Personal bankruptcies increased 6.1% in 2017. Is the trend an anomaly or the start of economic Armageddon?

A surge in the cost of everyday essentials, coupled with weak wage growth, caused personal bankruptcies and insolvencies in Australia to rise by 6.1% in 2017, with more than 32,000 cases filed, following a year-on-year increase of 4.7% in 2016. It’s the highest rate in five years.

Not only is the rate of bankruptcy growing, but those filing for it are getting younger, with an average age of 40.9 years compared to 46.7 as recently as 2013. What’s more, representing a 57.4% share of all cases, men are more likely to go bankrupt than women.

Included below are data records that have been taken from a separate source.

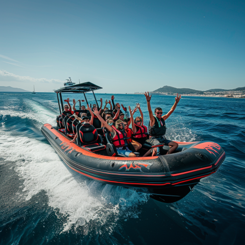 adrenaline fast Black and Red Rigid Inflatable Boat 8 meters in length with 12 jockey seats in row in pairs of 2 in the mid-front section of the boat, turning to the right, a big outboard engine, a captain in the stern, with a small tip top sun cover in the stern, happy people seated with one hand in the air, sunny sky, blue water, Palma de Mallorca bay in the background, viewed from outside side front, drone view, water splashing, realistic, high quality
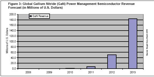 據iSuppli公司,由於高端服務器、筆記本電腦、手機和有線通訊領域的快速增長,氮化鎵(GaN)電源管理半導體市場到2013年預計將達到1.836億美元,而2010年實際上還幾乎一片空白。
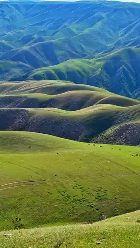 ✔ Kalajun Human Grassland: Wave-like grasslands + canyons, as beautiful as an oil painting under the sunset
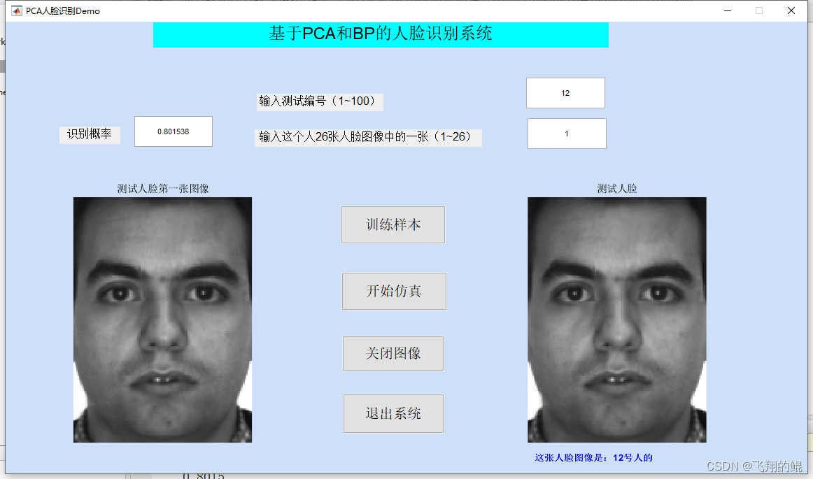 【毕业设计系列】052:基于PCA和BP神经网络的人脸识别系统【含Matlab源码】 在之前大学毕业设计中实现了基于PCA和BP神经网络的人脸识别系统,采用matlab语言,并且使用了GUI界面呈现,准确率达到了82%以上。需要相关代码可以加文章最后的QQ名片咨询博主。FaceRecognitionByBPneuralnetwork.m:采用BP神经网络的人脸识别的训练主程序。
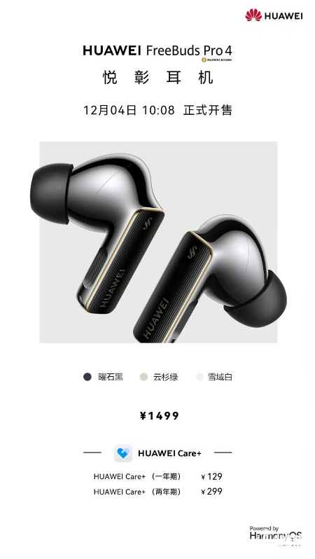 华为FreeBuds Pro 4定价1499元, 12月4日10:08全渠道正式开售,用户可登陆华为商城及各大授权电商平台,或前往华为体验店、华为授权零售门店进行选购。购买华为FreeBuds Pro 4 悦彰耳机,附赠权益卡在鸿蒙NEXT手机可免费兑换1个月超钻会员;叠加鸿蒙NEXT先锋权益,还可领取3个月华为音乐会员,同步可升超钻会员;累计可获4个月免费畅听权益,享受全曲库超高清和全曲库空间音频。
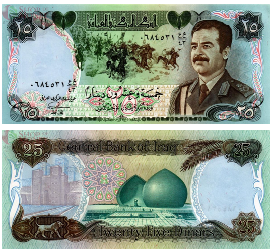 Впервые портрет Саддама Хусейна появился на банкноте номиналом 25 иракских динаров в 1986 году, в составе так называемой «швейцарской серии». Лицевая сторона банкноты изображает всадника с мечом, копьями и знамёнами — символ национального духа. На обороте — знаменитый Мемориал шахидов (al-Shaheed), посвящённый павшим в ирано-иракской войне, начатой Саддамом.
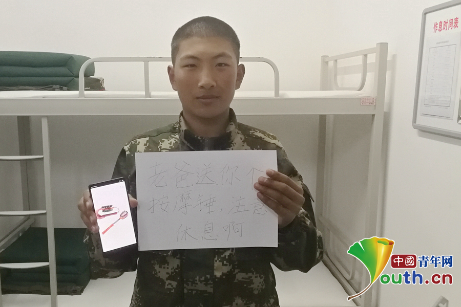 “爸爸說最近肩膀有點痛,給他買個按摩錘,工作別太辛苦,要注意休息?!蔽渚本┛傟爤?zhí)勤第二支隊供圖。
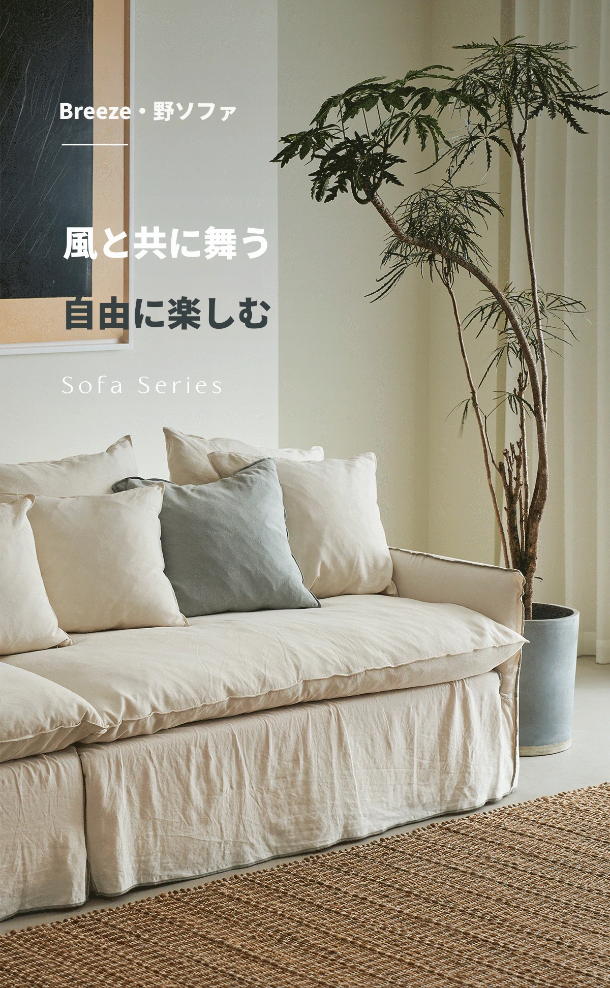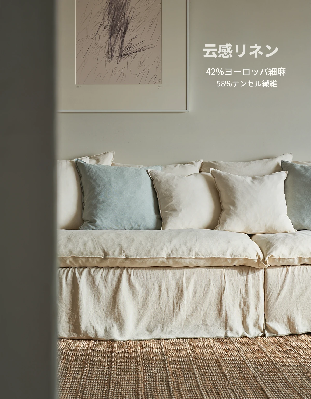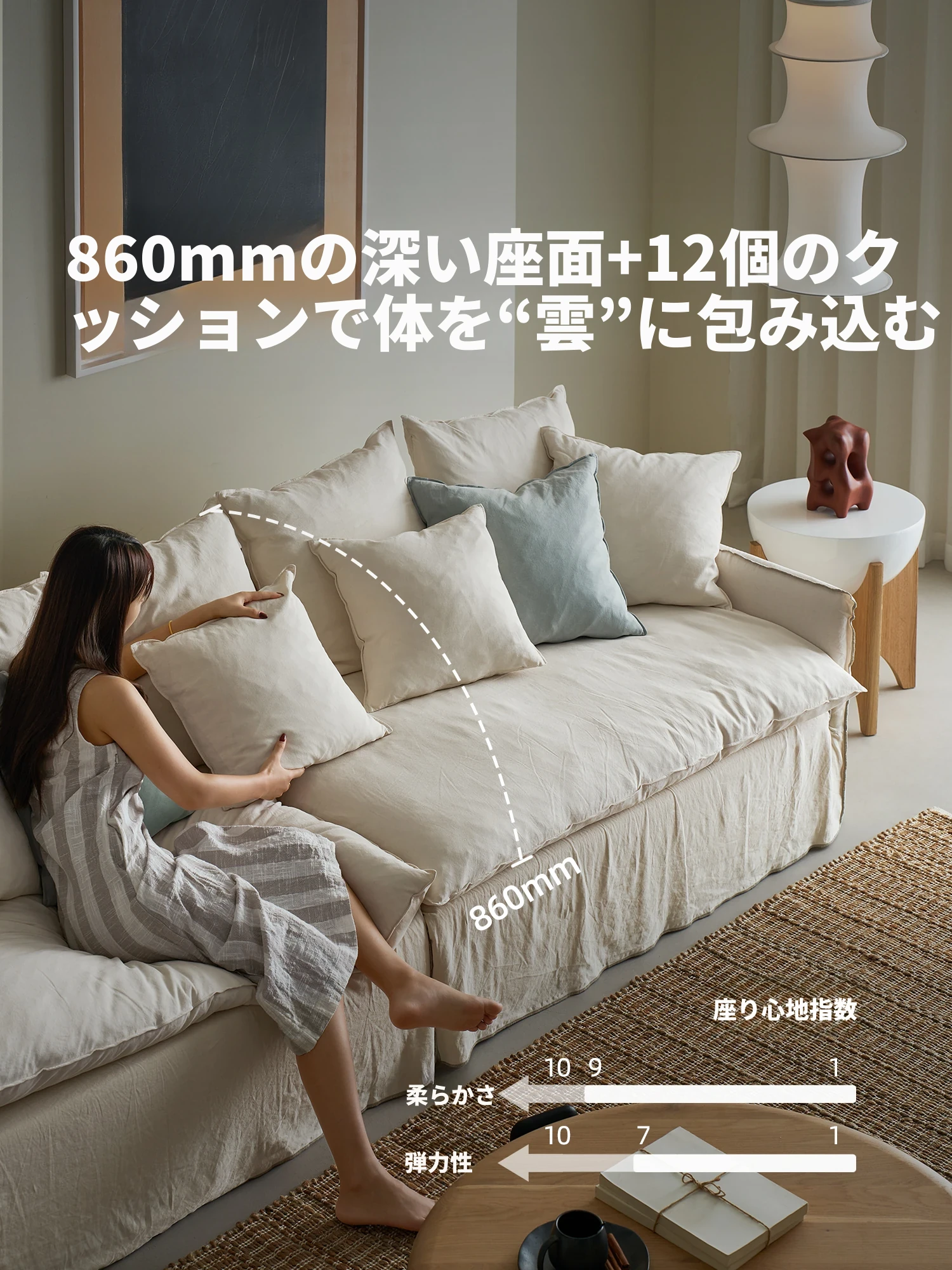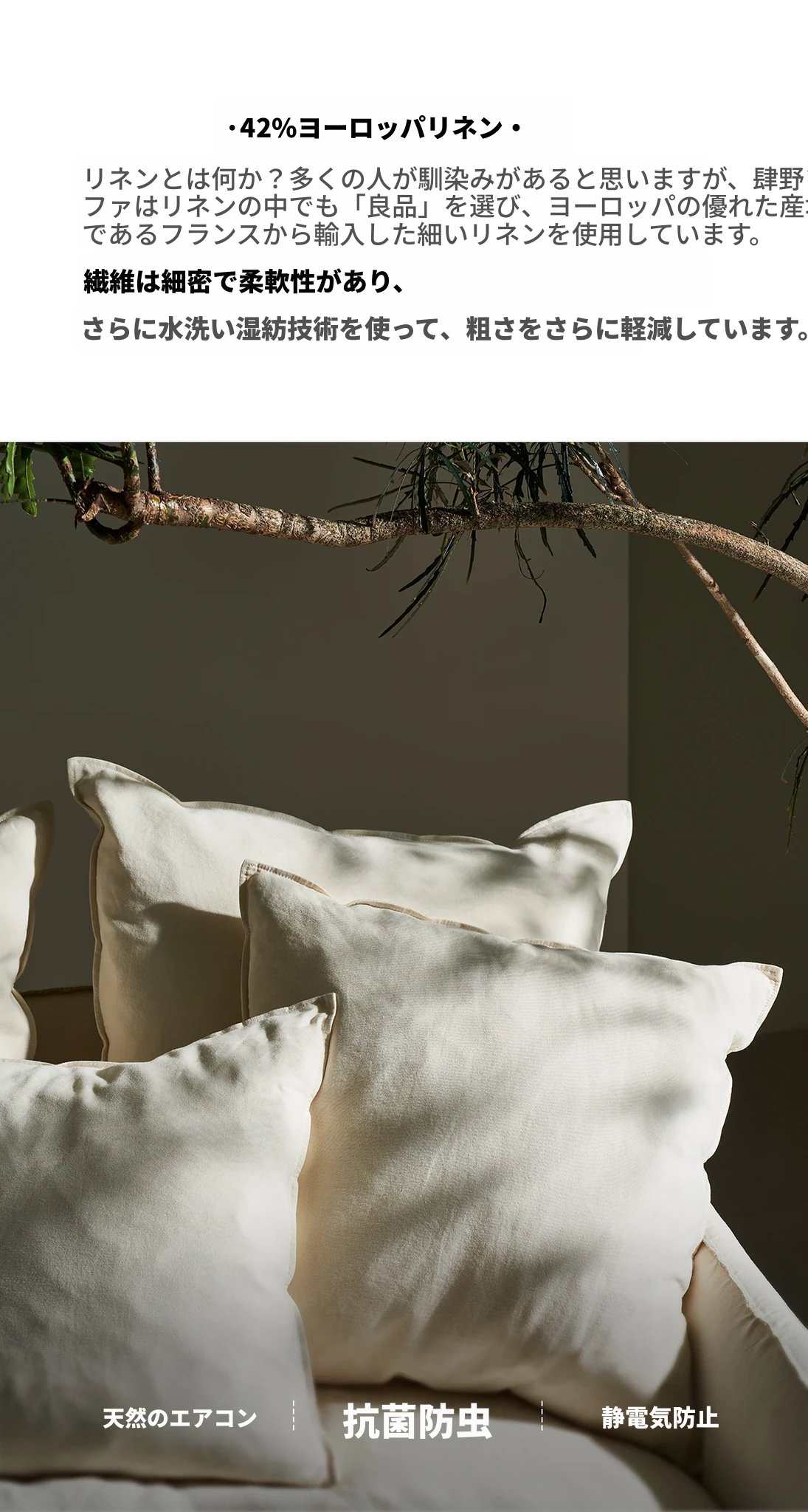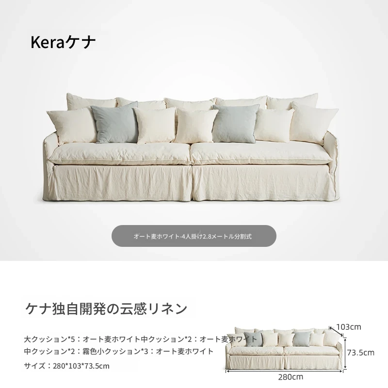 Kena可纳/肆野布艺ソファー 羽毛を使用した侘寂スタイル コンパクトな小型住居に最適 洗濯可能なナチュラルリネン素材 三人掛けZ型デザインでおしゃれな空間を演出!

“Consumer debt levels are rising steadily in Australia as a result of record mortgages and a surge in everyday essentials such as utilities, petrol and healthcare. These factors, combined with weak wage growth, are putting pressure on the wallets of Australians,” says Simon Bligh, CEO of illion, which published the research.

Further compounding these issues, many areas have suffered catastrophic natural and environmental disasters, straining government budgets and negatively affecting the local economy, impacting on SMEs as well as consumer confidence.

In 2016, two reports commissioned by the Australian Business Roundtable for Disaster Resilience and Safer Communities concluded the cost of social impacts following a natural disaster was 50% higher than originally calculated.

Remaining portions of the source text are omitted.